Although Indian IT/ITeS/BPO workers are very inexpensive by Western standards, their salaries are high by Indian standards.  Currently, the sector is devoid of trade unions, while existing unions appear to be unprepared to enter the new economy.  With respect to changes in existing labour codes, a majority of the states have either promulgated a government order or notification permitting all establishments in the respective jurisdictions engaged in IT-enabled services (including call centres) to: work on national holidays; allow women to work through night shifts; and permit offices to function 24 hours a day, all through the year (Nasscom-g, 2005), although such practices have traditionally been banned through urban Shops and Establishment Acts. 

The industry faces skill shortages, but the question here is of quality, not quantity. While it is estimated that approximately 17 million people will be available to the IT industry by 2008 (Nasscom-j, 2005), the problem relates to their employability and trainability.  Jobs in IT minimally require a tertiary degree in engineering, computer science or mathematics, while call centre and data processing operations insist upon a Bachelors’ level degree and high levels of proficiency in spoken and written English.  Most Indians are not employable in the sector, since  literacy rates hover around 65 per cent for the population as a whole and at 45% for females. 

Attrition is the biggest challenge currently facing the ITES/BPO sector. The ‘race for talent’ as one HR manager described it between BPO suppliers is fierce; the poaching of workers has created much distrust among industry participants. Top five reasons for turnover in the industry: dissatisfaction with salaries (47%), lack of career opportunities (45%), leaving to pursue higher education (29%), illness (28%) and physical strain (22%) (DQ-IDC, 2004).

Marriage and pursuing higher education were frequently quoted as the main reasons for attrition. The night shift work that most of the employees are engaged in causes them, particularly, women, to leave this employment when they get married; hence, marriage is given as the reason for attrition.  To retain those workers who would leave for higher education, some companies are beginning to explore the possibility of providing scholarships, tuition reimbursement and special arrangements with education institutions that would allow them to offer courses in the workplace.

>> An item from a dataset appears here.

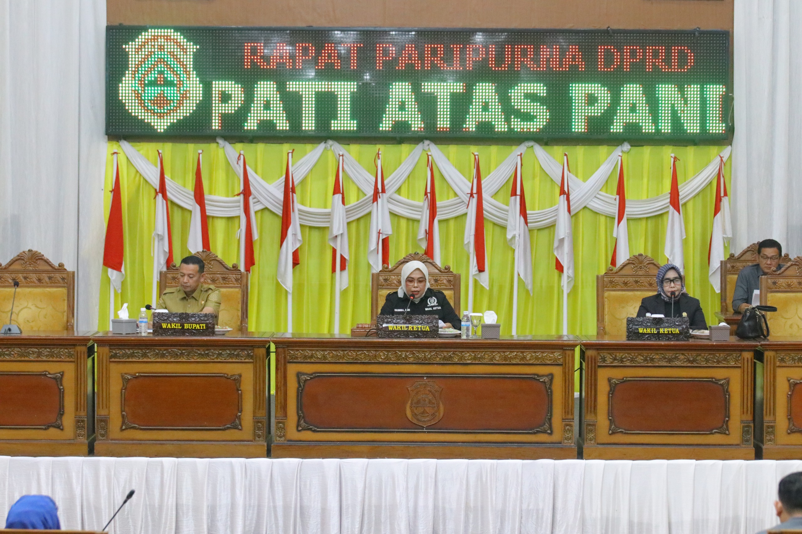 Rapat dipimpin oleh Wakil Ketua I DPRD Tanjabtim, Hasnibah, A.Md, didampingi Wakil Ketua II, Hj. Siti Aminah, SE, serta dihadiri anggota DPRD, Forkopimda, kepala OPD, dan tamu undangan.
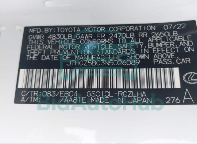 | VIN | JTHGZ5BC3N5026089 |

BPO companies may feel squeezed for profits.  Clients on multi-year contracts with BPO providers expect costs to fall over the course of the tender as the provider becomes more experienced and familiar with the client’s products and markets.  They also face shortages in leadership and supervisory skills, particularly at the team/project level.

Authors are undergraduate students in Electrical Engineering at Bells University of Technology, Ogun State.  They prepared these notes under my supervision for the course CEN 302: Introduction to ICT. 

3 comments:

Unknown said...
This comment has been removed by a blog administrator.
Amelia said...

Very informative content !
Going to read more of your articles

Unknown said...

I really like following your blog as the articles are so simple to read and follow. Excellent.